**Assigned task:** Find the line with "Bâtiment des voyageurs, élévation nord-est." in the records below. Output exactly from there until after the line with "1月26日(日)にはむつ市で", without pictures.

**Record excerpts:**

——

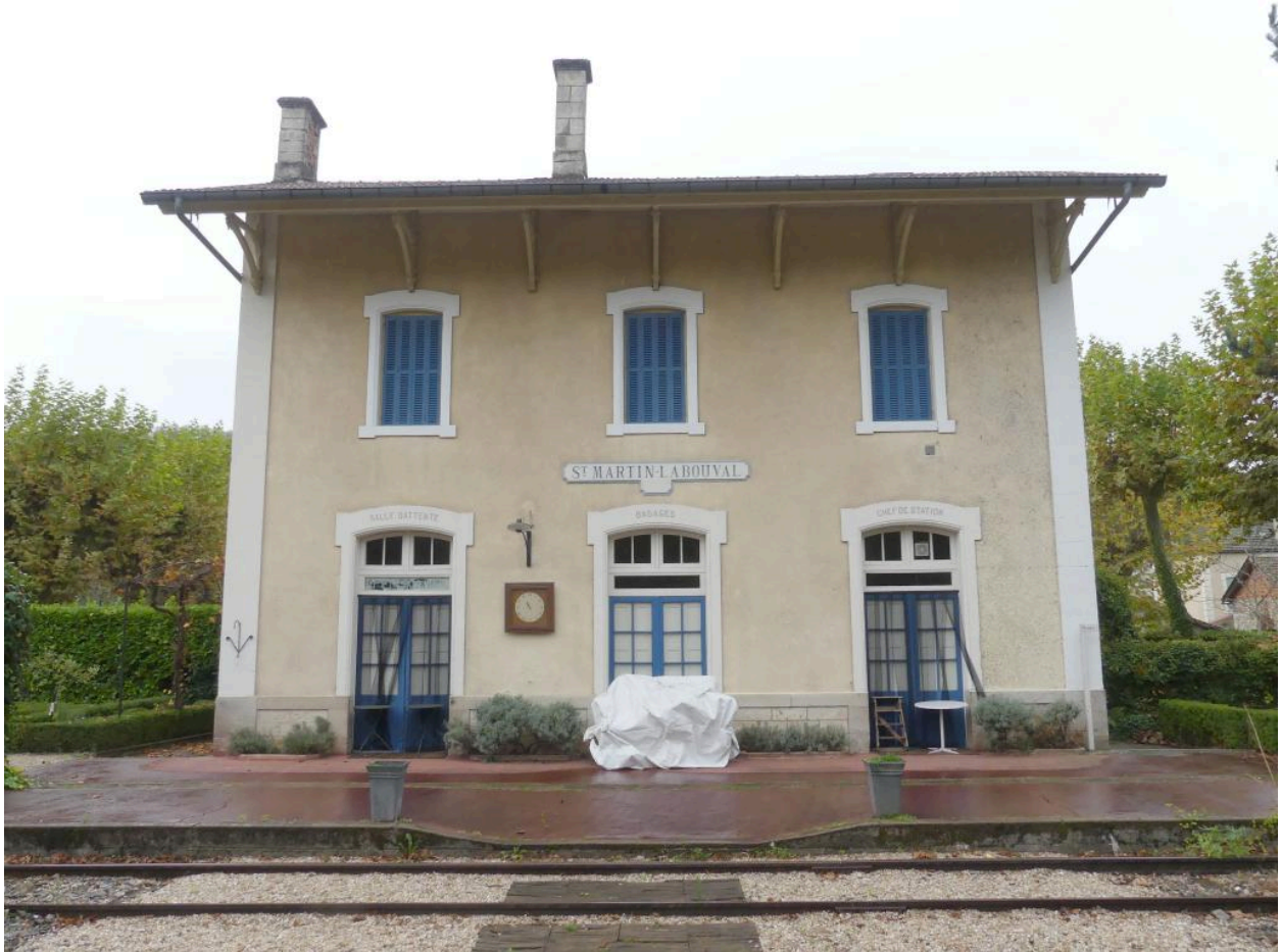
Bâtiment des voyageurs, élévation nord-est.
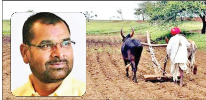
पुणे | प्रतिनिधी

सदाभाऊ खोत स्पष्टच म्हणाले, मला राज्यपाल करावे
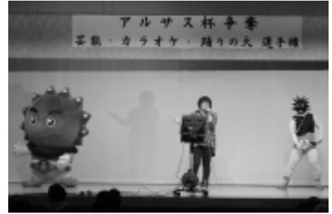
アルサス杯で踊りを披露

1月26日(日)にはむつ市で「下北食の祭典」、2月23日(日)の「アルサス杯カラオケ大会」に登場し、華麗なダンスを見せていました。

——

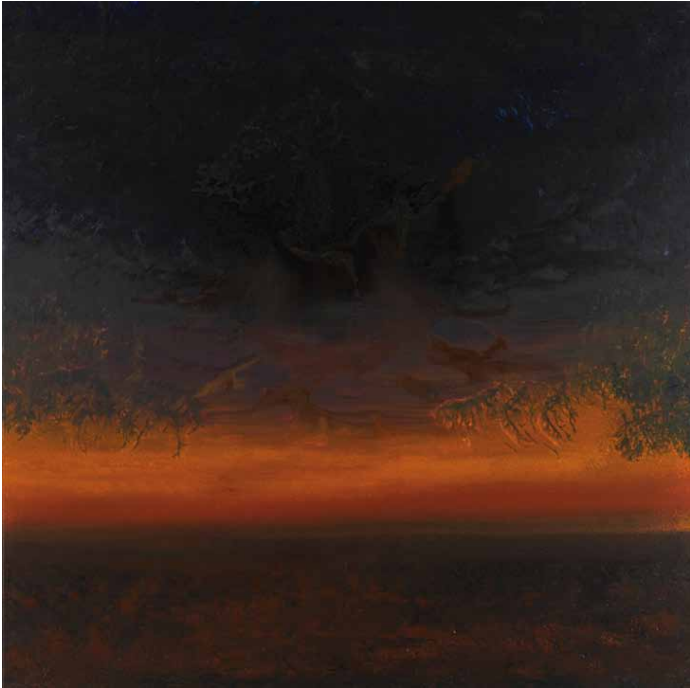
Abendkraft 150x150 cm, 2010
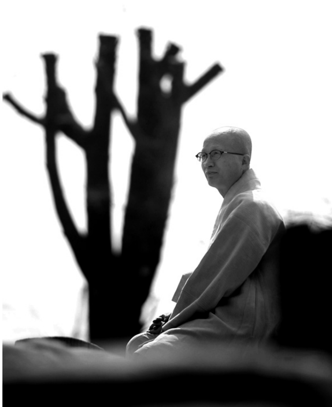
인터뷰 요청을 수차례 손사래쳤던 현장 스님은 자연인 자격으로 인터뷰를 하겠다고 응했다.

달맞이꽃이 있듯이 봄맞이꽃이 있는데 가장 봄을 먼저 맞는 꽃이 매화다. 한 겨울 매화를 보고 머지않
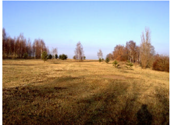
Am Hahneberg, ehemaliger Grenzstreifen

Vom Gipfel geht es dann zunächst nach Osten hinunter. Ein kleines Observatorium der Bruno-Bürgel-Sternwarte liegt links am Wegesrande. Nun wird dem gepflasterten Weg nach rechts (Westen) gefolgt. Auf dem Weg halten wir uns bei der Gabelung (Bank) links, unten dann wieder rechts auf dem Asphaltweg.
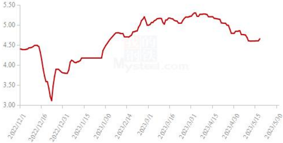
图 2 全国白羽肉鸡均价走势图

——

**Exercise output:**
Bâtiment des voyageurs, élévation nord-est.
पुणे | प्रतिनिधी

सदाभाऊ खोत स्पष्टच म्हणाले, मला राज्यपाल करावे
アルサス杯で踊りを披露

1月26日(日)にはむつ市で「下北食の祭典」、2月23日(日)の「アルサス杯カラオケ大会」に登場し、華麗なダンスを見せていました。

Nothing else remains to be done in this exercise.